Mosaic stock rises on outlook even as profit plunges

(Dave Bedard photo)

Reuters — Mosaic Co. offered an encouraging outlook and announced a big share buyback on Tuesday, buoying the U.S. fertilizer company’s stock even as it reported a 79 per cent plunge in quarterly profit, a sharper decline than expected.

Last summer’s breakup of the Belarusian Potash Co. — one of the world’s two dominant potash traders — caused a sharp drop in the price of the crop nutrient potash and a slide in grain prices has also weighed down phosphate. The lower prices dragged down Mosaic’s profit in the fourth quarter.

Even so, Mosaic shares jumped 3.2 per cent to $48.33 in early New York trading, as it said it would buy $1 billion in shares, topping up a $2 billion buyback announced in December (all figures US$).

“You’ve got to like that,” said Jim Llewellyn, portfolio manager at WorldCommodity Fund, a small investor in Mosaic. “I wouldn’t worry about the earnings.”

More importantly than the earnings miss is guidance for the current quarter that looks strong, Scotiabank analyst Ben Isaacson said in a note.

Mosaic forecast first-quarter phosphate sales volumes of 2.3 to 2.6 million tonnes, down from 2.7 million tonnes a year ago. It expects to earn a realized diammonium phosphate price of $390 to $420 per tonne, topping the fourth-quarter price.

Potash sales volumes look to range between 2.3 and 2.7 million tonnes in the current first quarter, Mosaic said, up from two million tonnes a year earlier. The company forecast a first quarter average realized price of $245 to $275 per tonne, lower than last quarter’s price.

CEO Jim Prokopanko said prices are already rebounding in phosphates and potash prices look to improve later this year.

“The atrocious lack of buying in the last quarter is the common denominator” in an expected pickup in demand for both nutrients, Prokopanko said in a Reuters interview.

The company confirmed its forecast for record 2014 global shipments of 64 to 66 million tonnes of phosphate and 57 to 59 million tonnes of potash.

The pace of potash shipments has already picked up substantially and looks to carry into the second quarter, said Rick McLellan, Mosaic’s senior vice-president, commercial.

Canpotex Ltd., the offshore sales arm of Mosaic, PotashCorp and Agrium, should set a potash supply contract with Indian buyers by the end of April, Prokopanko said.

Phosphate prices have improved since late last year even without much Indian demand, but the world’s biggest phosphate importer should buy a lot more in 2014, said Mike Rahm, Mosaic’s vice-president of market analysis and strategic planning.


That said, the direction of grain prices and severe problems moving commodities in North America also look to influence fertilizer prices, Prokopanko said.

Frozen rivers in the United States and backlogged railways in Western Canada have left Mosaic behind on its shipping commitments, but could push up fertilizer prices, he said.

“This is as bad as we’ve ever seen it… People are going to be desperate. They’ll pay higher for whatever’s available.”

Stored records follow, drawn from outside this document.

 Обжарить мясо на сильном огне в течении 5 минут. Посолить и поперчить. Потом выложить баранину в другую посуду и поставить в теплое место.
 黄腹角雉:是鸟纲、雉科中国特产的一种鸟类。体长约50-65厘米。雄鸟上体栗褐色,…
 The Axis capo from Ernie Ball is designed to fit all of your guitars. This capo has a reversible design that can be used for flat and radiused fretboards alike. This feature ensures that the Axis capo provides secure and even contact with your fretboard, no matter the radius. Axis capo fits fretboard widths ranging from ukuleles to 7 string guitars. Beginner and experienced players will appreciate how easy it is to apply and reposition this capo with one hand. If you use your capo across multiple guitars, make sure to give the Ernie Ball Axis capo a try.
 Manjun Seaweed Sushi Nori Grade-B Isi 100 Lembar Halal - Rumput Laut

Mark Gulley, an analyst at BGC Financial Research, said he does not expect a return to larger potash profits any time soon because of industry over-capacity, but the prospects for phosphate are more promising.

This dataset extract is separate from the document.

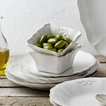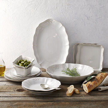 Seit jeher ist der Olivenbaum ein besonderes Symbol für die kulinarische Welt des Mittelmeerraumes. Seine Blätter und Früchte zieren den fein ausgearbeiteten Reliefrand dieses stilvollen Geschirrs. Mit elegantem Charme vermittelt es gehobenen Lebensstil. In aufwändiger Handarbeit entsteht die schöne Patina der Geschirrränder.

Net earnings for the fourth quarter slid to $129 million, or 30 cents a share, the Plymouth, Minn.-based company’s second-smallest quarterly profit in four years. A year earlier, it earned $616 million, or $1.44 per share. The results included one-time items that weakened earnings by six cents per share.

Revenue dropped eight per cent, to $2.2 billion.

Analysts, on average, expected Mosaic to earn 42 cents a share on sales of $1.86 billion, according to Thomson Reuters I/B/E/S.

Saskatoon-based PotashCorp in late January reported its smallest quarterly profit in four years and produced disappointing 2014 forecasts.  [Related story]

Mosaic sold a record 3.4 million tonnes of phosphate in the fourth quarter, exceeding guidance of 2.5 to 2.9 million tonnes, at an average price of $381 per tonne of diammonium phosphate, within the guidance range but a 28 per cent drop year over year.

The company sold 1.9 million tonnes of potash in the quarter, hitting the top end of its guidance range of 1.5 to 1.9 million tonnes, at an average realized price of $303 per tonne. That price fell within Mosaic’s guidance range but was 30 per cent cheaper than a year earlier.

— Rod Nickel is a Reuters correspondent based in Winnipeg.